Your task -
Find the line that contains "이 의원은 공사현장을" in the records below, then repeat exactly that line and each one after it, leaving pictures out.

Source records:
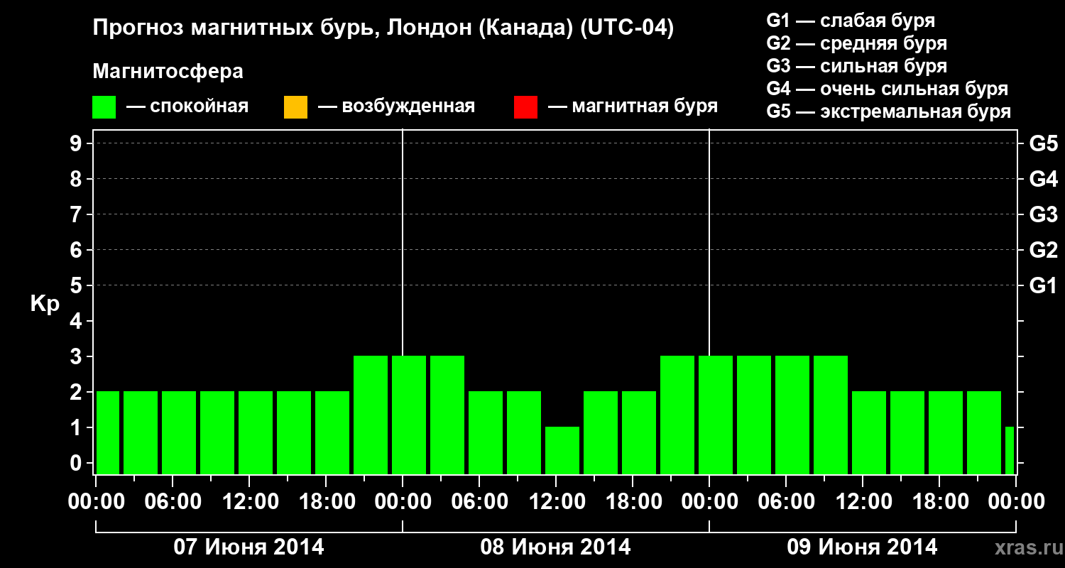 Прогноз магнитных бурь Лондоне (Канада) — 7 июня 2014 года
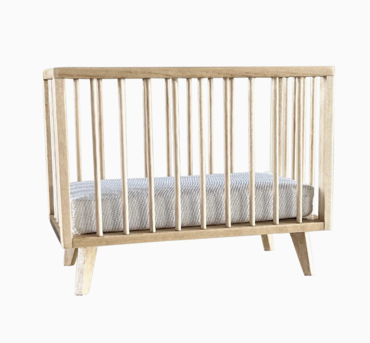 Dollhouse Nursery Crib + Mattress, Natural Wood
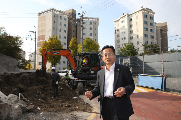 이 의원은 공사현장을 살피고, 공사 관계자에게 안전하고 신속한 준공을 당부하였다. 최근 이 의원은 매일 지역 구석구석을 도보로 순찰하며 세심하게 살피고 있다. 사직동(사직로1나길 12) 위험 담벽에 대한 보수공사도 추진하여 안전사고를 미연에 방지하였다.
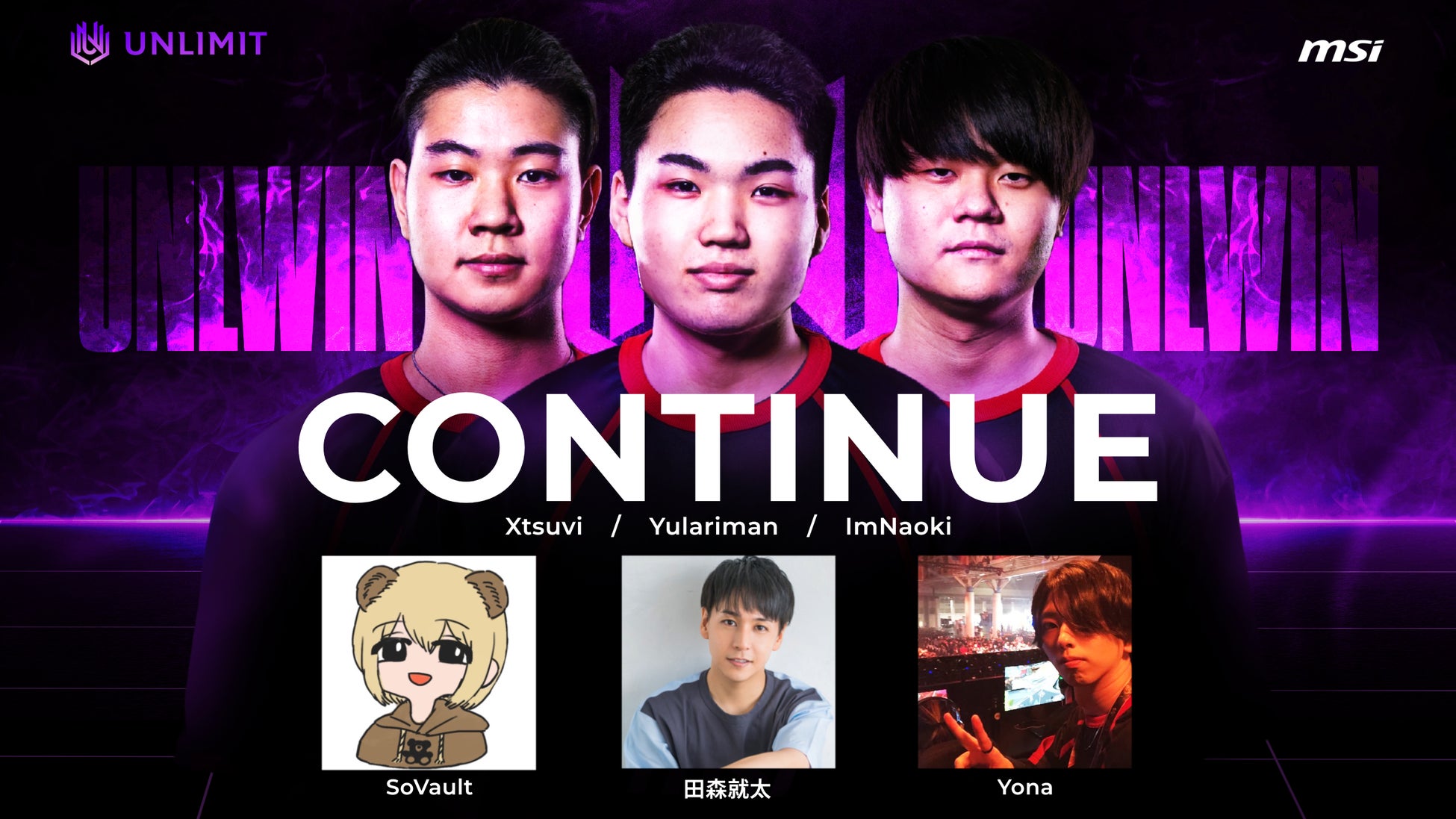 Apex Legendsプロ部門で活躍する「Xtsuvi」「Yulariman」「ImNaoki」「Yona」及びストリーマー部門「SoValt」(ソバルト)「田森就太」は新生「UNLIMIT」でも継続して活動していきます。特にApex Legendsプロ部門のメンバーは、現在「ALGS」(Apex Legends Global Series Year 5:Spilit 1)総合4位、6月15日に行われる「ALGS Regional Finals」で世界の切符を賭けて戦います。新しいCOREメンバーと共に更なる飛躍が期待される既存メンバーの活躍にも注目ください!
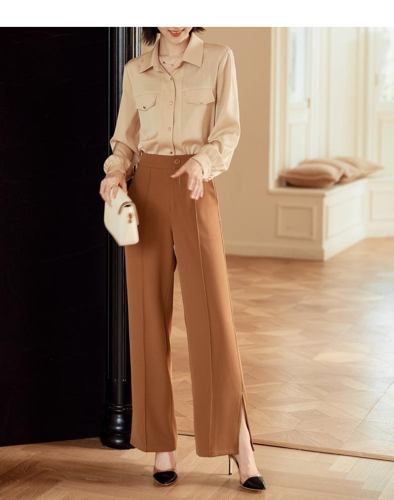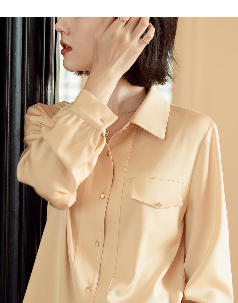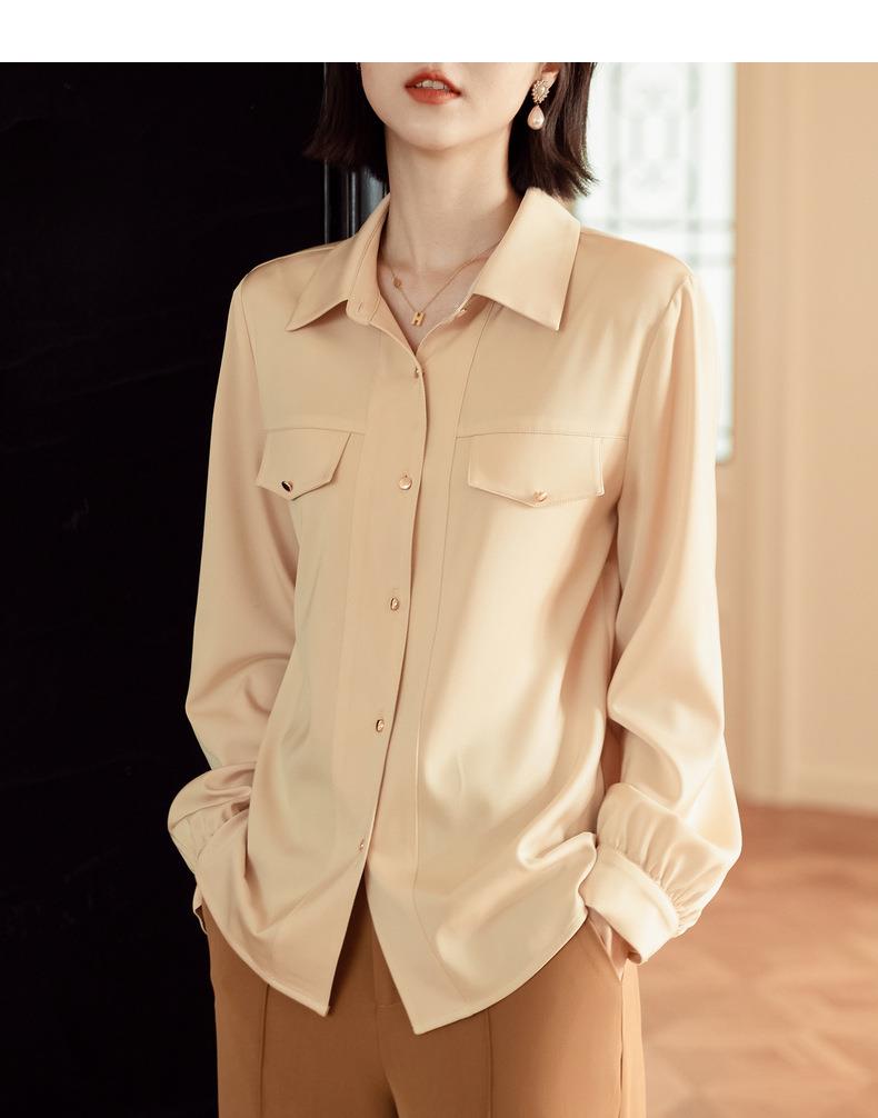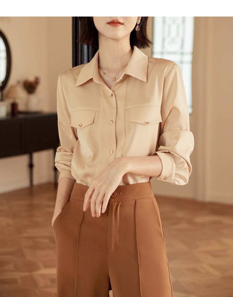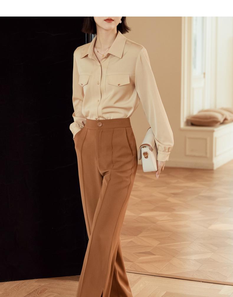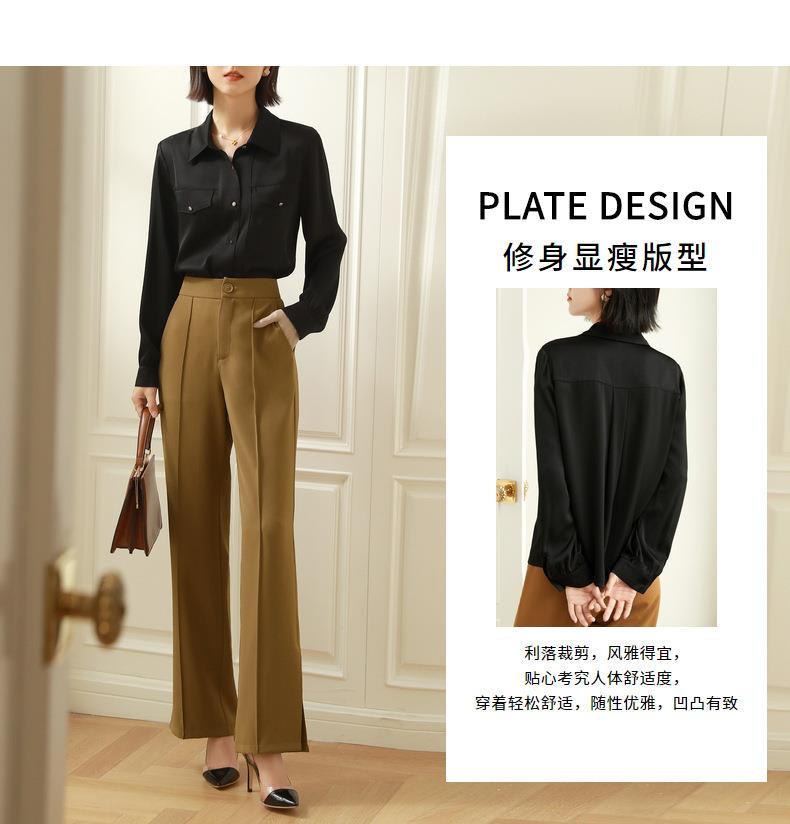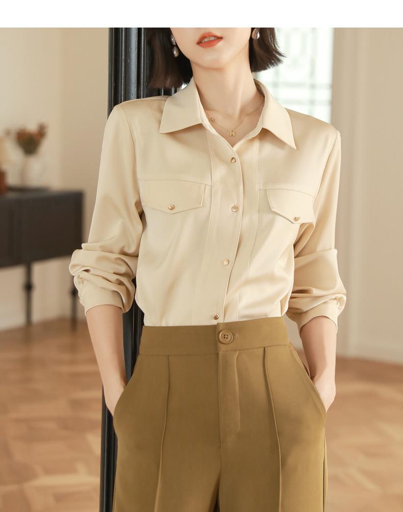 百姿 职业衬衫女长袖2023秋季新款纯色开衫大口袋气质通勤衬衣

Exercise output -
 이 의원은 공사현장을 살피고, 공사 관계자에게 안전하고 신속한 준공을 당부하였다. 최근 이 의원은 매일 지역 구석구석을 도보로 순찰하며 세심하게 살피고 있다. 사직동(사직로1나길 12) 위험 담벽에 대한 보수공사도 추진하여 안전사고를 미연에 방지하였다.
 Apex Legendsプロ部門で活躍する「Xtsuvi」「Yulariman」「ImNaoki」「Yona」及びストリーマー部門「SoValt」(ソバルト)「田森就太」は新生「UNLIMIT」でも継続して活動していきます。特にApex Legendsプロ部門のメンバーは、現在「ALGS」(Apex Legends Global Series Year 5:Spilit 1)総合4位、6月15日に行われる「ALGS Regional Finals」で世界の切符を賭けて戦います。新しいCOREメンバーと共に更なる飛躍が期待される既存メンバーの活躍にも注目ください!
 百姿 职业衬衫女长袖2023秋季新款纯色开衫大口袋气质通勤衬衣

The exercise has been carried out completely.